Enzyme Function

Question 1

Why do enzymes work?

Answer 1

Fatty acid amide hydrolases:

• breaks down neuroactive signals
• part of the endocannabinoid signalling system. Inhibitors promote analgesia, and can prevent effects of chronic stress in mice (but it doesn’t appear to work in humans).
• if you could inhibit the enzyme, the concentration of the neuroactive molecule should go up, resulting in reduction in pain sensation

Question 2

Key ideas from last year

Answer 2

1. Any reaction has a “transition state”, a high energy point on the path from the starting molecules to the products.
2. The energy barrier between the starting point and the transition state determines the rate of the reaction (in standard conditions).
3. Enzymes act by reducing the energy barrier, and so increasing the proportion of molecules that have the energy to access the transition state.

Question 3

Protein structure is critical to function

Answer 3

Principles for enzyme catalysis:

Aim is the stabilisation of transition state (lowers activity barrier)
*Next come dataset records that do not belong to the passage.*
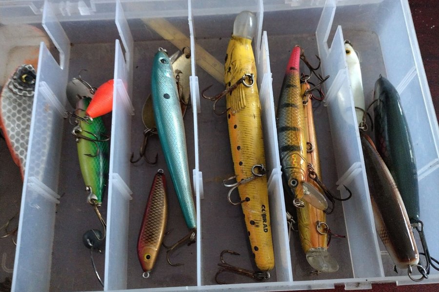 En samling av olika fiskebeten i en plastlåda. Betena inkluderar flera typer och färger, vilket kan vara användbart för olika fiskeformer. Lådan har avdelningar för att organisera betena.
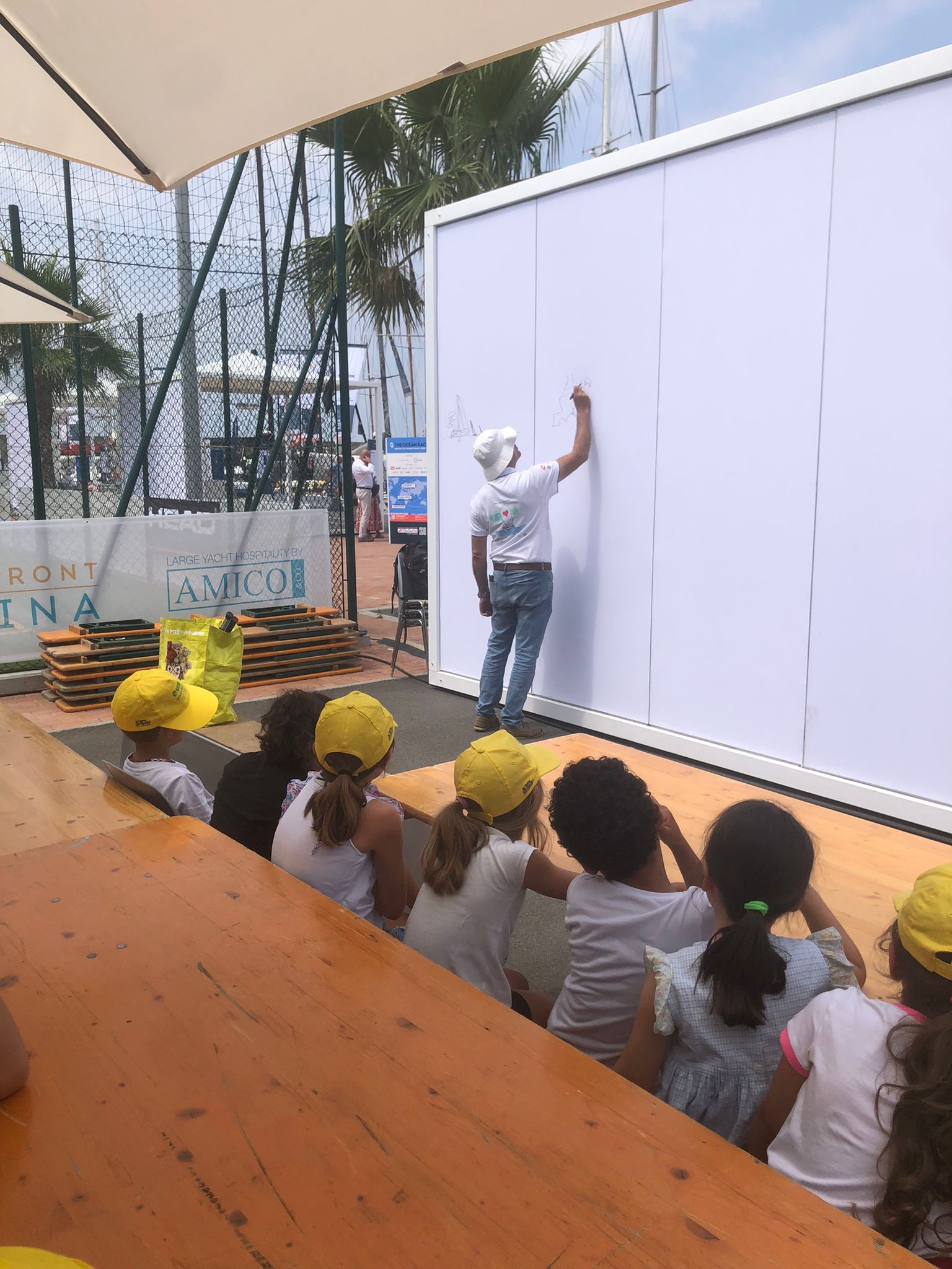 Il progetto consiste nel portarli in mare a bordo di cabinati a vela, insegnare loro le basi della sicurezza, dell’ambiente e della navigazione, farli lavorare in gruppo. Dopo la lezione di vela, che dura tutta la mattinata, e dopo un meritato piatto di spaghetti, spesso offerto dal circolo ospitante, si passa a una lezione di disegno che innanzitutto spiega i vantaggi del disegno per l’espressione: costa zero, è internazionale, permette di mostrare cose non viste o solo immaginate, e via dicendo.
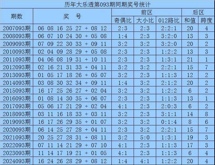 袁智囊体彩大乐透第2025093期历史同时奖号分析:
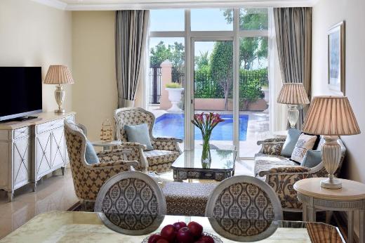 2 Bedroom Family Apartment with Private Pool (нижній поверх, без виду, 2 спальні (king-size і twin), вітальня, обладнана кухня, обідня зона, є міжкімнатні двері, 2 ванні кімнати, кімната-пральня, басейн 3х5 м, 150 м2)
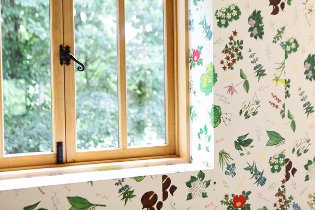 菓子メーカー〈六花亭〉の包装紙として親しまれている絵柄です。六花亭の〈六花の森工場〉の敷地には、
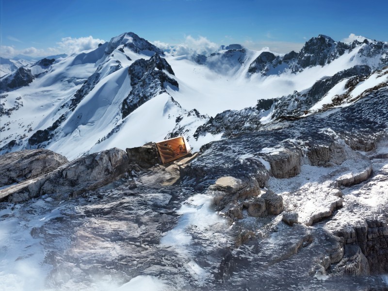 La parete vetrata del bivacco offre una vista meditativa sulle Alpi circostanti. Oltre alla sua funzione di rifugio, la struttura è anche una sorta di santuario temporaneo, un luogo di riflessione, riposo e di contatto con la natura.

• Near-attack conformations
• Covalent catalysis
• Acid-base catalysis
• Low barrier hydrogen bonds
• Metal ion catalysis
• “Induced fit”
• Hydrophobic “binding pockets”

Question 4

Induced fit

Answer 4

The folding of a protein allows enzymes to stabilise the transition state indirectly.

The protein can fold so that there are some unfavourable elements left in the folded protein.

Binding of substrate, and especially of the transition state, alters the protein conformation so that the protein is more stable.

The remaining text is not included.